YOUR TASK: Excluding pictures, what does the listing below contain from the line with "Kunststoff gegossen, bronzefarben" up to and including the line with "Drapeli tasarıma sahip, V", word for word?

MATERIAL FOR THIS EXERCISE:
-------
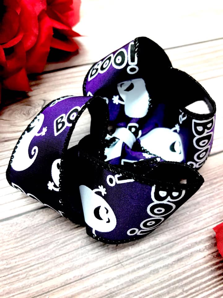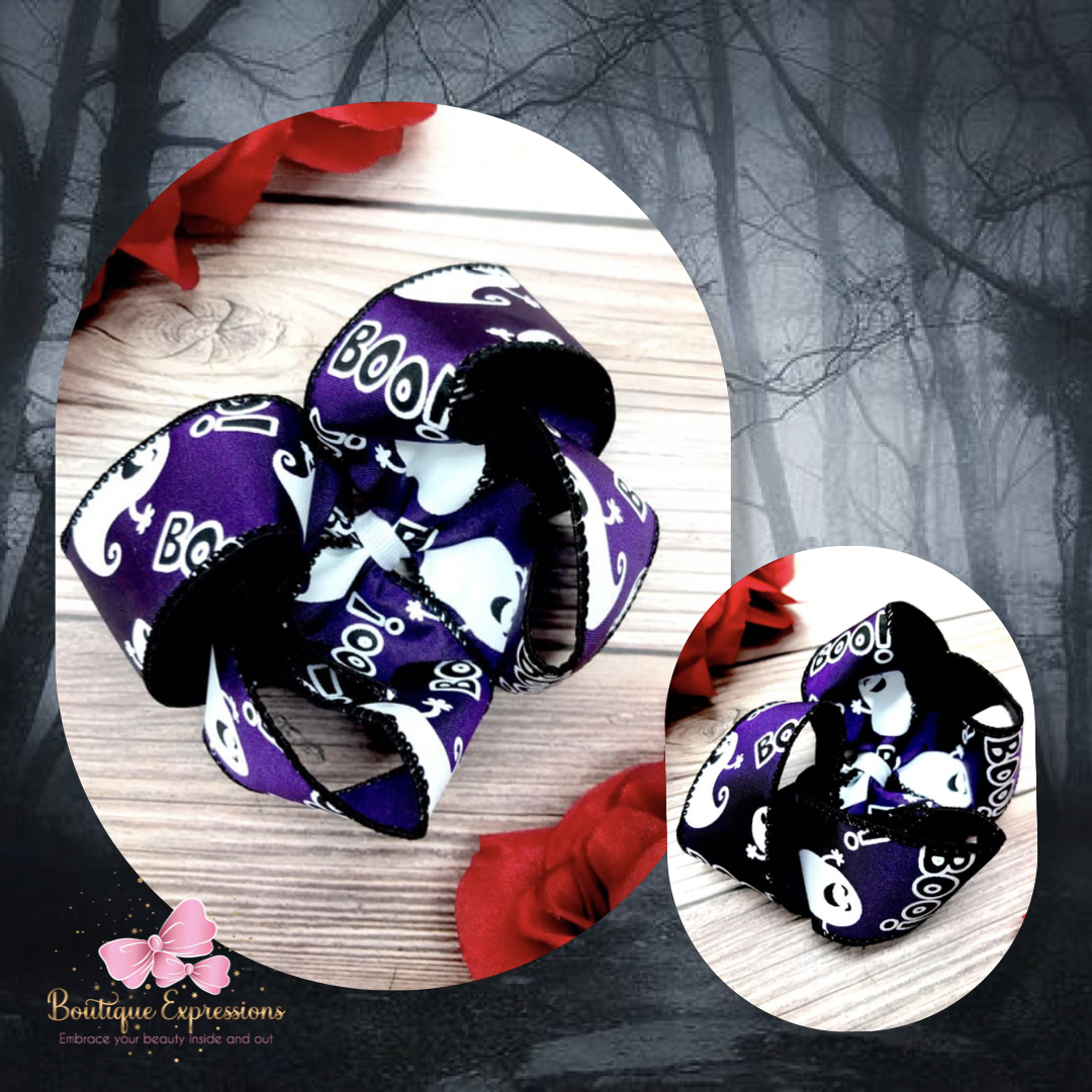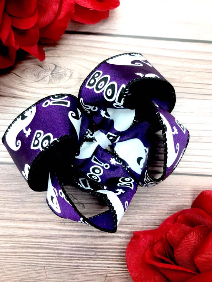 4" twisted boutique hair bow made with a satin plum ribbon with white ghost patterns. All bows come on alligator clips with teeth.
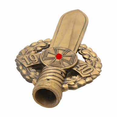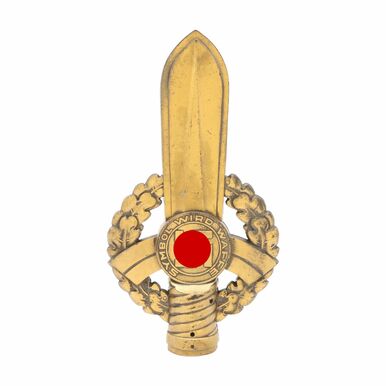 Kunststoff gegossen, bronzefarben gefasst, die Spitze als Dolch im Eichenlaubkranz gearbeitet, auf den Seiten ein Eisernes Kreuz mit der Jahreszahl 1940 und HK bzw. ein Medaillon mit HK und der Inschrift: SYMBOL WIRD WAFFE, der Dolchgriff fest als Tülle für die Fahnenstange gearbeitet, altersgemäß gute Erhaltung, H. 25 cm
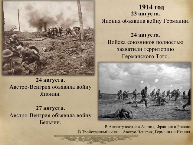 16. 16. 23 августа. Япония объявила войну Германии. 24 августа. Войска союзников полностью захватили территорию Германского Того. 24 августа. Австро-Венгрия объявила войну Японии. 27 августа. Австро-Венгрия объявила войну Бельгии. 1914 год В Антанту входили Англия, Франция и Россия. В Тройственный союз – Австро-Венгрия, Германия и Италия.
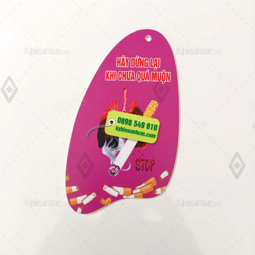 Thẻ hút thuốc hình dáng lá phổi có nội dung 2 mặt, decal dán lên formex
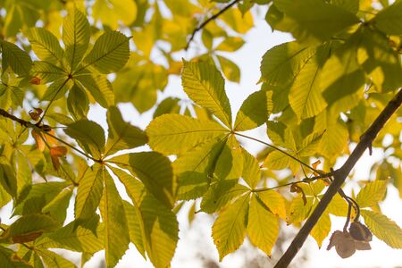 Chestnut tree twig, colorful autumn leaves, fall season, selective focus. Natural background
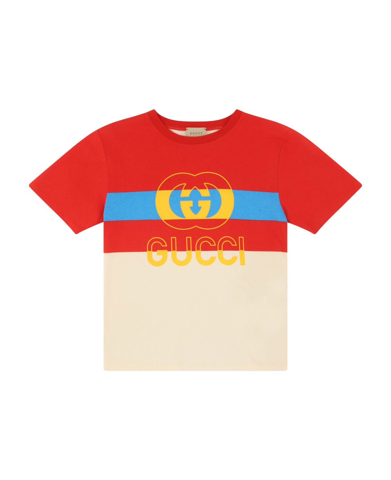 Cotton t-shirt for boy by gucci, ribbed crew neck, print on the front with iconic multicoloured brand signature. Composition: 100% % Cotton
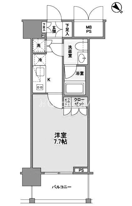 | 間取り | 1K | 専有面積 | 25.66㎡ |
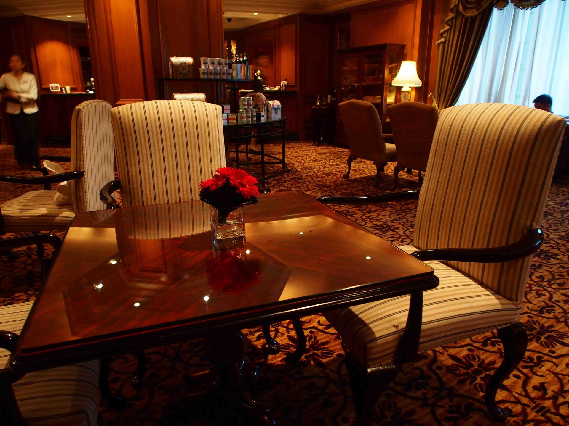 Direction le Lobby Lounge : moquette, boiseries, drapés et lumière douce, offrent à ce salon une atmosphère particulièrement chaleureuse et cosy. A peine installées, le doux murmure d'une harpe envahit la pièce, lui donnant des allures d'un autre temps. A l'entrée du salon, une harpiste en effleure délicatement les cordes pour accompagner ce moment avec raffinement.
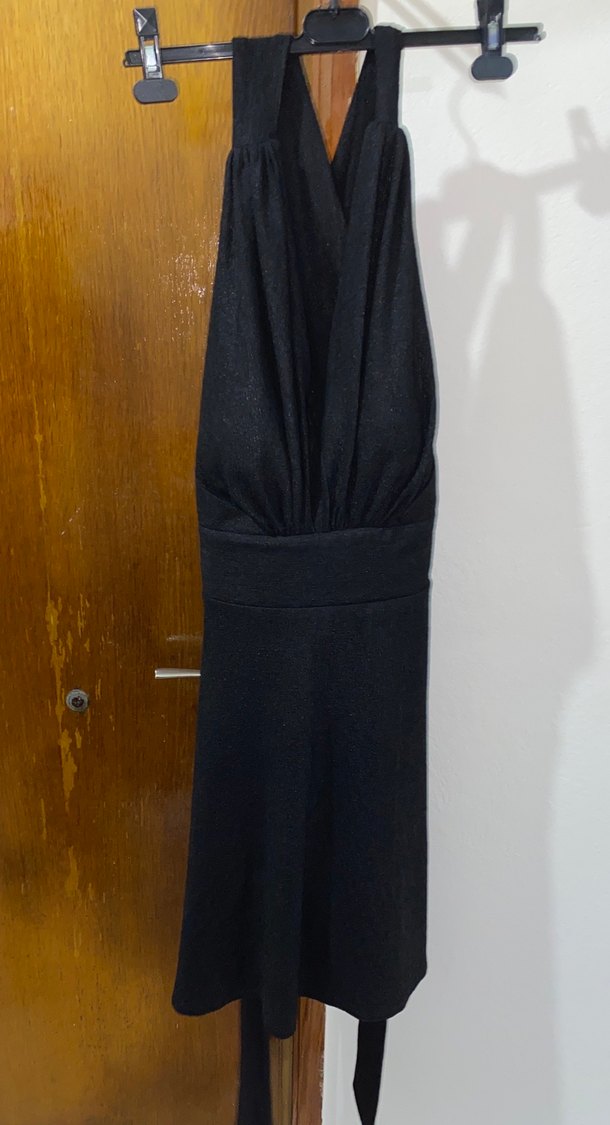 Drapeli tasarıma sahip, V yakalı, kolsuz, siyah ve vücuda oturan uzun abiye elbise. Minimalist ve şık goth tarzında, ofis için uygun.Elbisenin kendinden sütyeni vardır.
-------
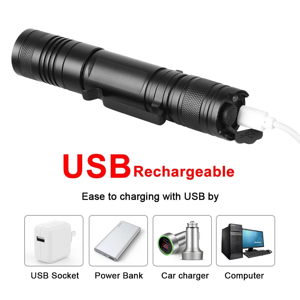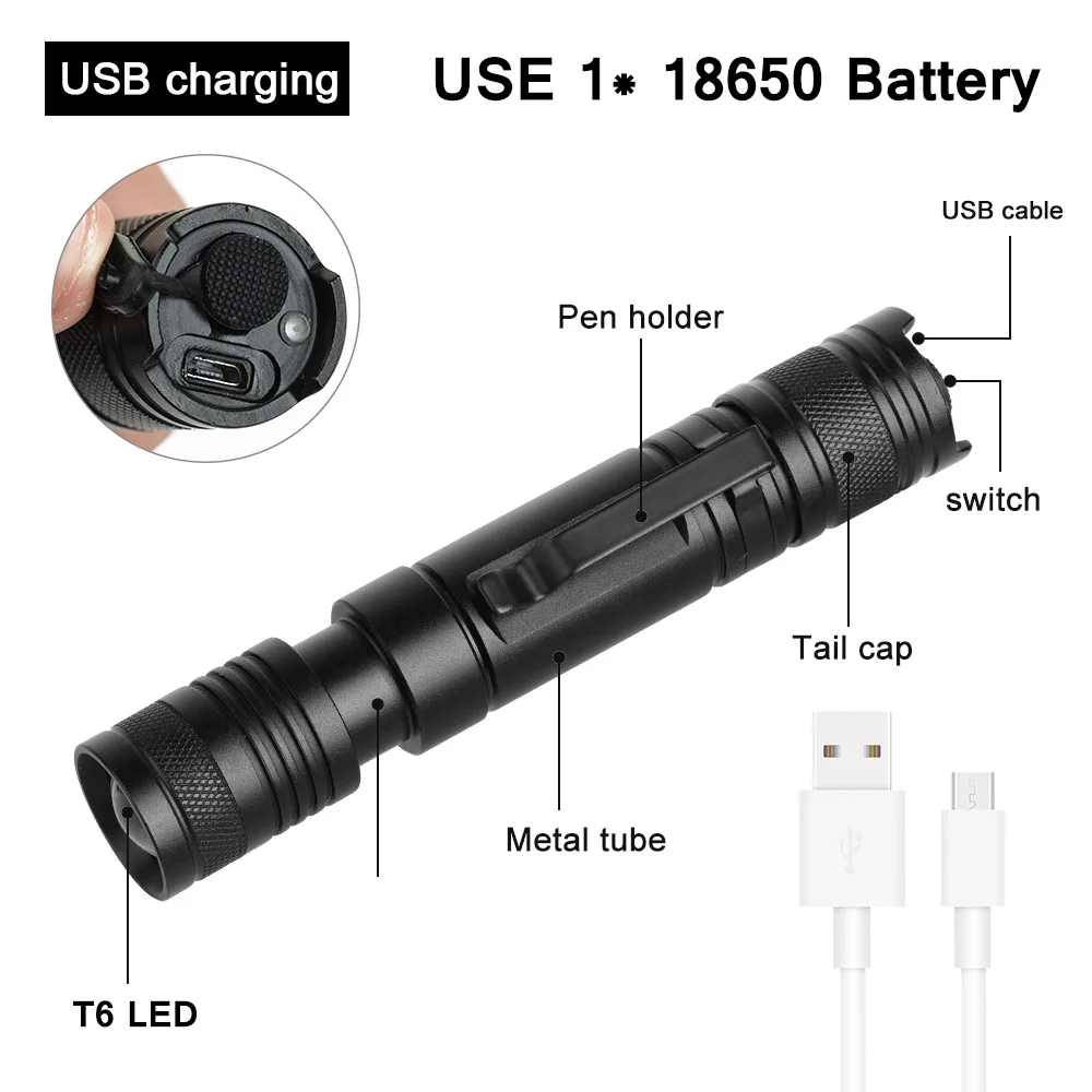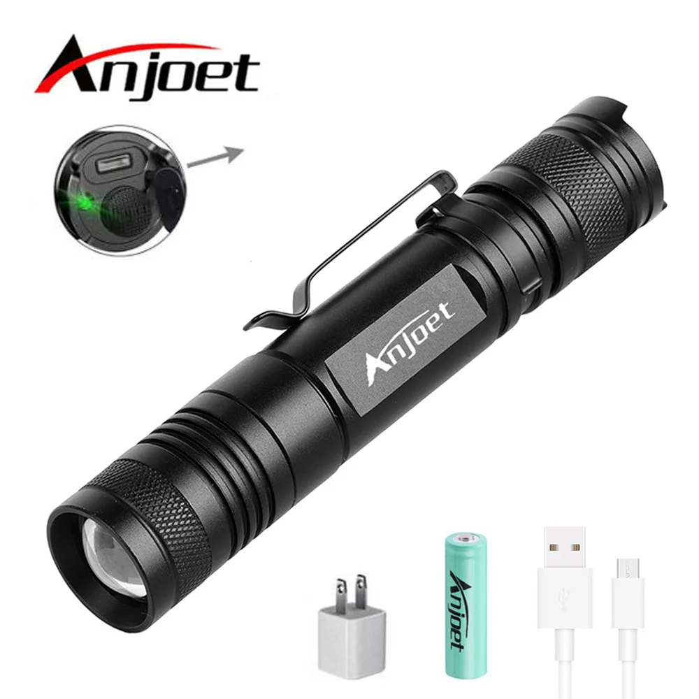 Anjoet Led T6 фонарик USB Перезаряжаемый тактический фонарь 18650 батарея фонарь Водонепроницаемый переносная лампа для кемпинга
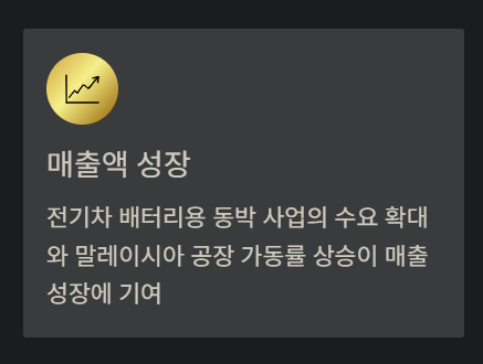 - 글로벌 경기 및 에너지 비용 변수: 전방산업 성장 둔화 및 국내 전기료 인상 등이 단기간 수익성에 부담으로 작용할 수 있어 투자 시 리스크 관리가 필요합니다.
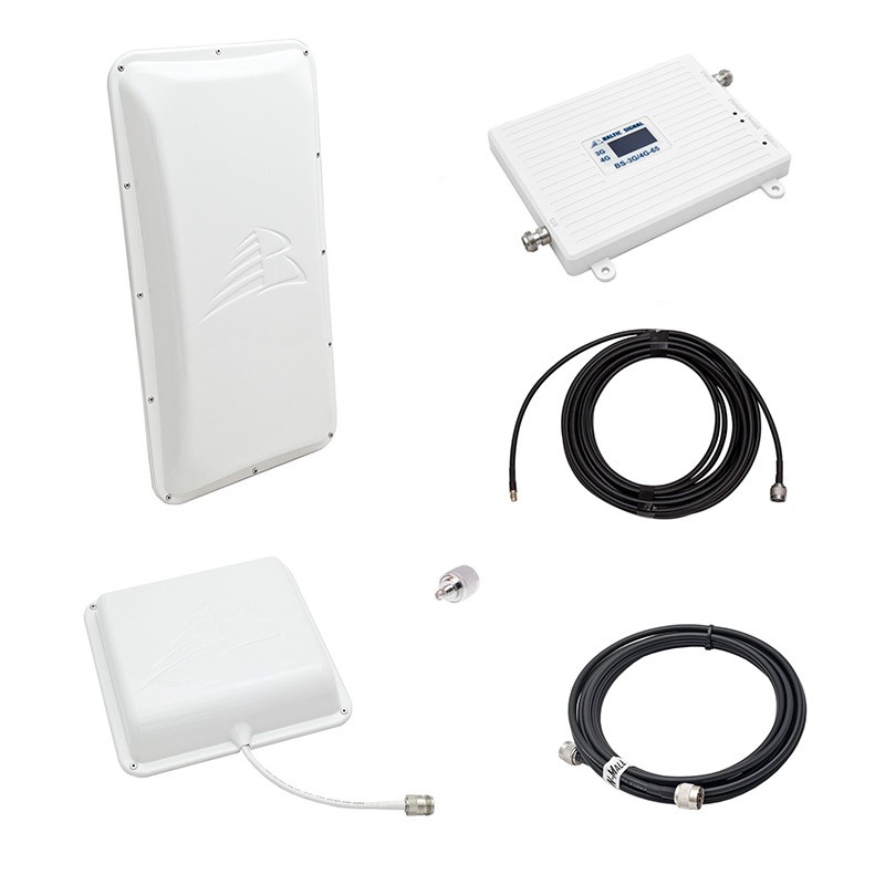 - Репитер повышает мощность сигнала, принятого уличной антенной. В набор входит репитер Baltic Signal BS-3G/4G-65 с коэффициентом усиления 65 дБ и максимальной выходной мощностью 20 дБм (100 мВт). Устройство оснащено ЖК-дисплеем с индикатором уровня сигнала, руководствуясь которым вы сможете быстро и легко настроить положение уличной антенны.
-------
TASK OUTPUT:
 Kunststoff gegossen, bronzefarben gefasst, die Spitze als Dolch im Eichenlaubkranz gearbeitet, auf den Seiten ein Eisernes Kreuz mit der Jahreszahl 1940 und HK bzw. ein Medaillon mit HK und der Inschrift: SYMBOL WIRD WAFFE, der Dolchgriff fest als Tülle für die Fahnenstange gearbeitet, altersgemäß gute Erhaltung, H. 25 cm
 16. 16. 23 августа. Япония объявила войну Германии. 24 августа. Войска союзников полностью захватили территорию Германского Того. 24 августа. Австро-Венгрия объявила войну Японии. 27 августа. Австро-Венгрия объявила войну Бельгии. 1914 год В Антанту входили Англия, Франция и Россия. В Тройственный союз – Австро-Венгрия, Германия и Италия.
 Thẻ hút thuốc hình dáng lá phổi có nội dung 2 mặt, decal dán lên formex
 Chestnut tree twig, colorful autumn leaves, fall season, selective focus. Natural background
 Cotton t-shirt for boy by gucci, ribbed crew neck, print on the front with iconic multicoloured brand signature. Composition: 100% % Cotton
 | 間取り | 1K | 専有面積 | 25.66㎡ |
 Direction le Lobby Lounge : moquette, boiseries, drapés et lumière douce, offrent à ce salon une atmosphère particulièrement chaleureuse et cosy. A peine installées, le doux murmure d'une harpe envahit la pièce, lui donnant des allures d'un autre temps. A l'entrée du salon, une harpiste en effleure délicatement les cordes pour accompagner ce moment avec raffinement.
 Drapeli tasarıma sahip, V yakalı, kolsuz, siyah ve vücuda oturan uzun abiye elbise. Minimalist ve şık goth tarzında, ofis için uygun.Elbisenin kendinden sütyeni vardır.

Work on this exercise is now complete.